__What needs to be done__. The expected response is the complete listing below, restated exactly, with its pictures omitted.

__Dataset excerpt__.
= = = =

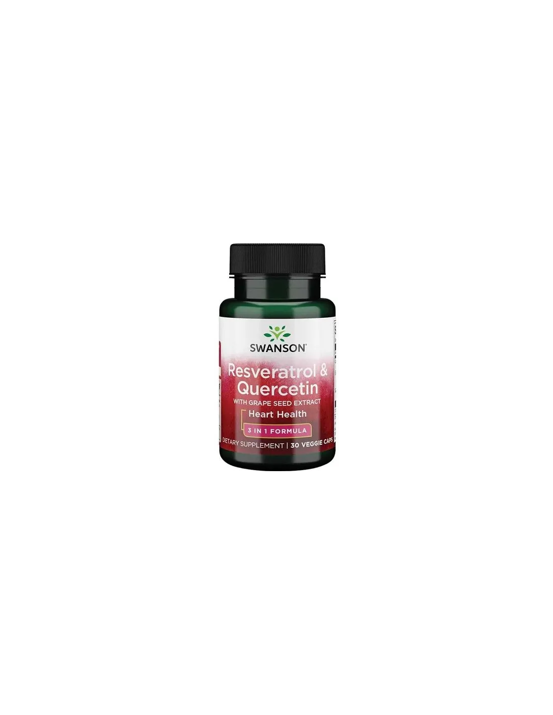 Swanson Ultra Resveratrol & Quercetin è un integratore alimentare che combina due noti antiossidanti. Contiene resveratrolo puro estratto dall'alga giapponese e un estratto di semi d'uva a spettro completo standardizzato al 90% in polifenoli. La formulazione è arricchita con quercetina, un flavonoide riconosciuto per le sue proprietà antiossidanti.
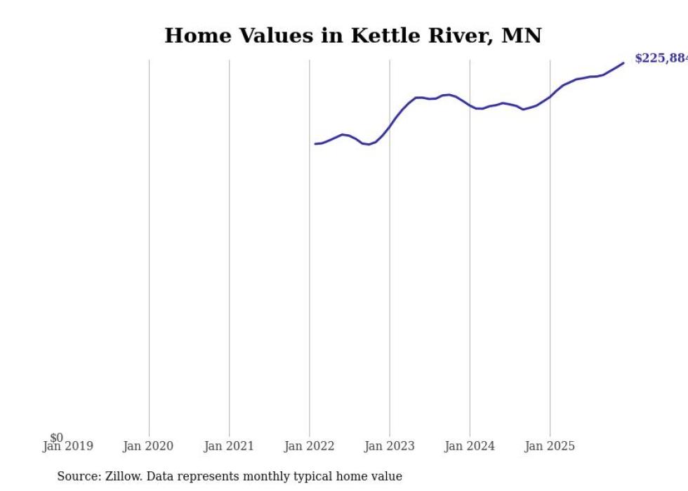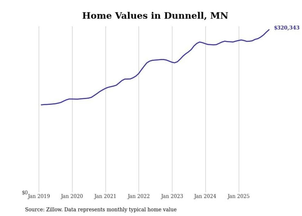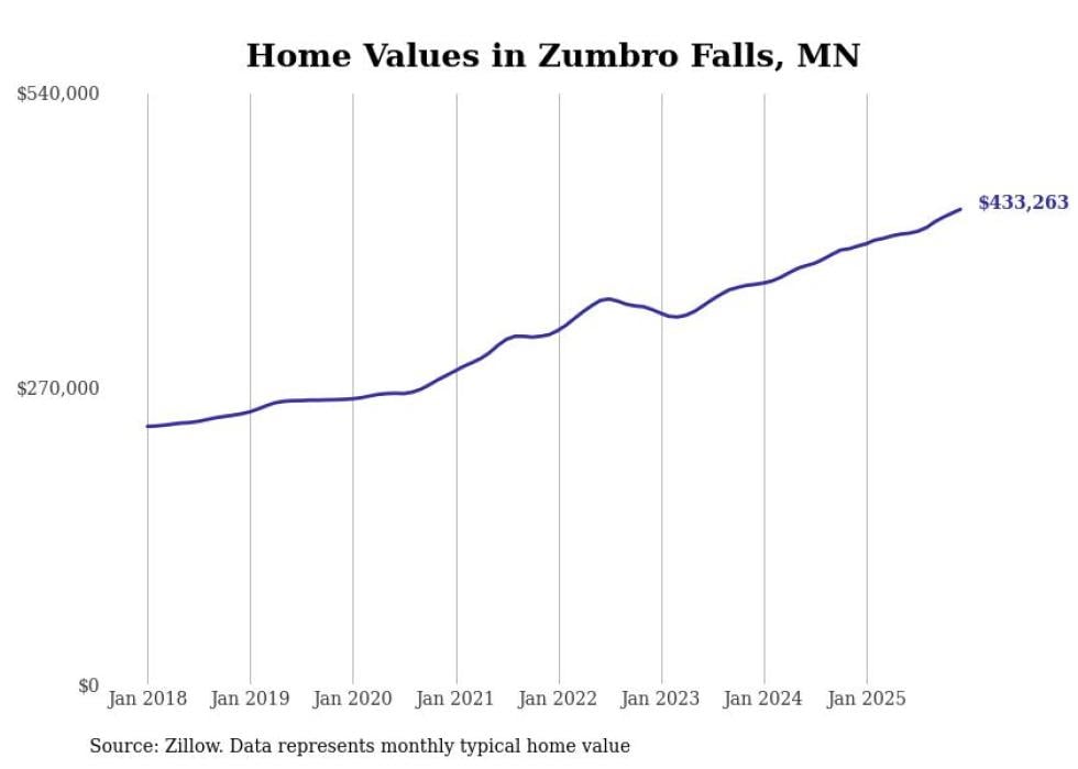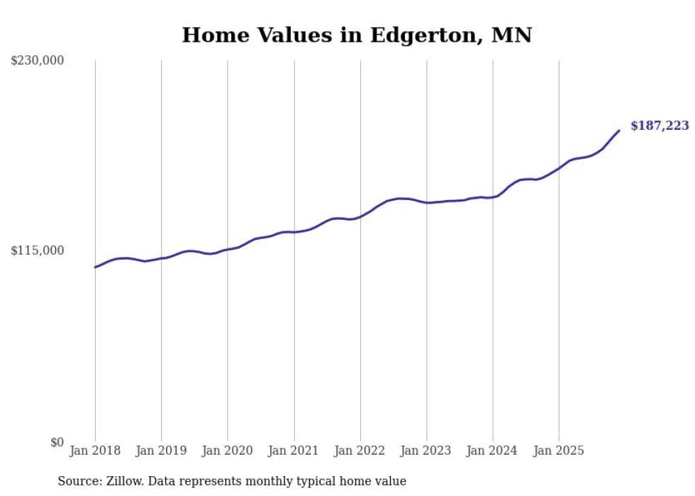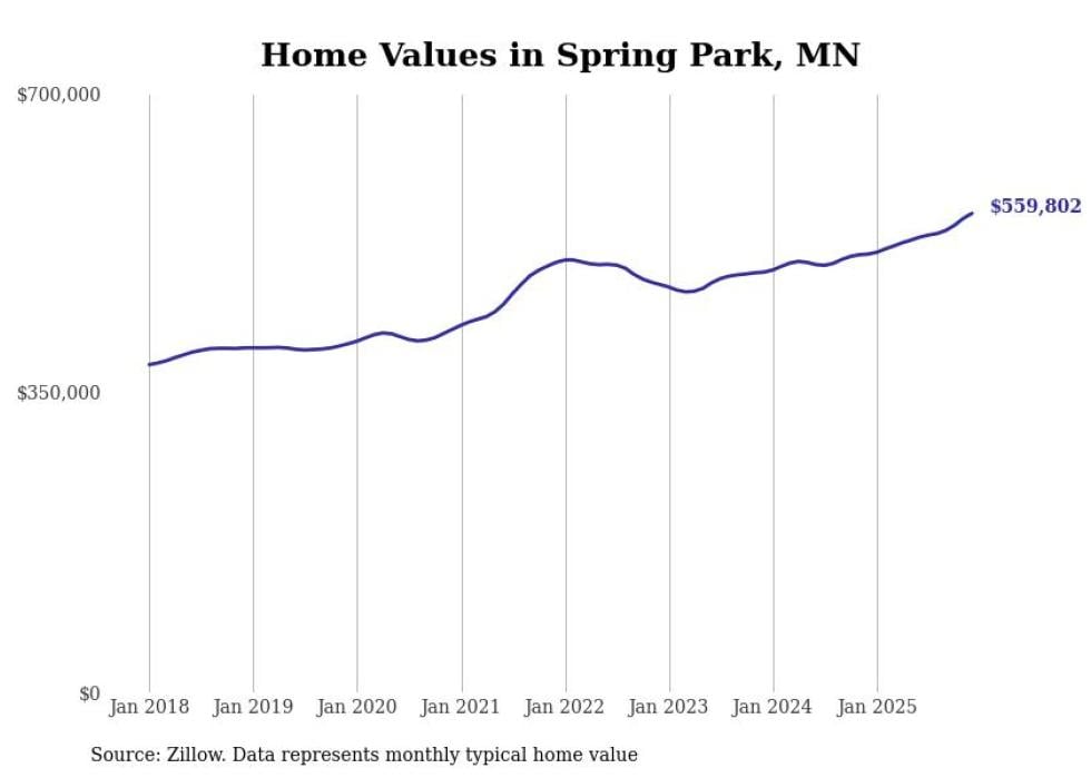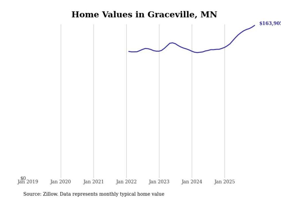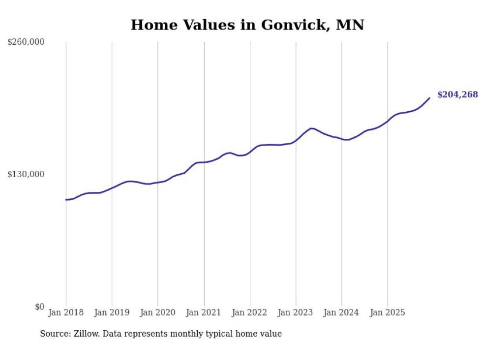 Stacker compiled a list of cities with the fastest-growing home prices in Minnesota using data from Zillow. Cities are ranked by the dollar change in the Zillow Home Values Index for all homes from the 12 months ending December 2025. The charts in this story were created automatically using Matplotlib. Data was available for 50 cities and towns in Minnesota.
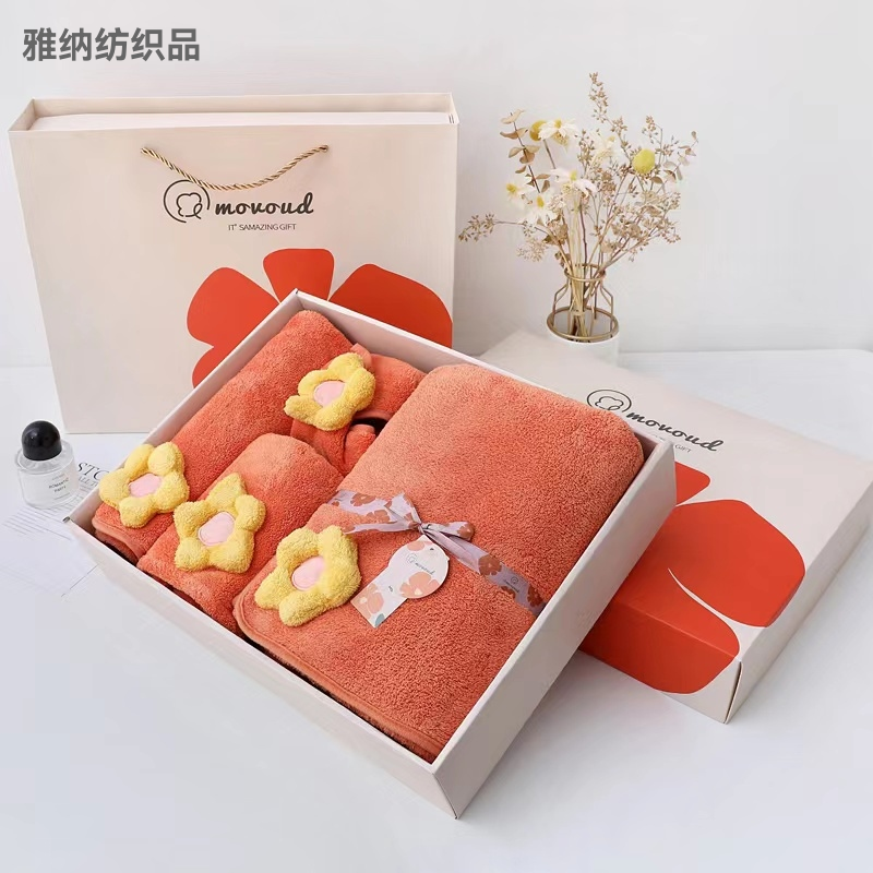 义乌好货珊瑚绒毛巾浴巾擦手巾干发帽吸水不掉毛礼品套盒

= = = =

__Solution for this problem__.
 Swanson Ultra Resveratrol & Quercetin è un integratore alimentare che combina due noti antiossidanti. Contiene resveratrolo puro estratto dall'alga giapponese e un estratto di semi d'uva a spettro completo standardizzato al 90% in polifenoli. La formulazione è arricchita con quercetina, un flavonoide riconosciuto per le sue proprietà antiossidanti.
 Stacker compiled a list of cities with the fastest-growing home prices in Minnesota using data from Zillow. Cities are ranked by the dollar change in the Zillow Home Values Index for all homes from the 12 months ending December 2025. The charts in this story were created automatically using Matplotlib. Data was available for 50 cities and towns in Minnesota.
 义乌好货珊瑚绒毛巾浴巾擦手巾干发帽吸水不掉毛礼品套盒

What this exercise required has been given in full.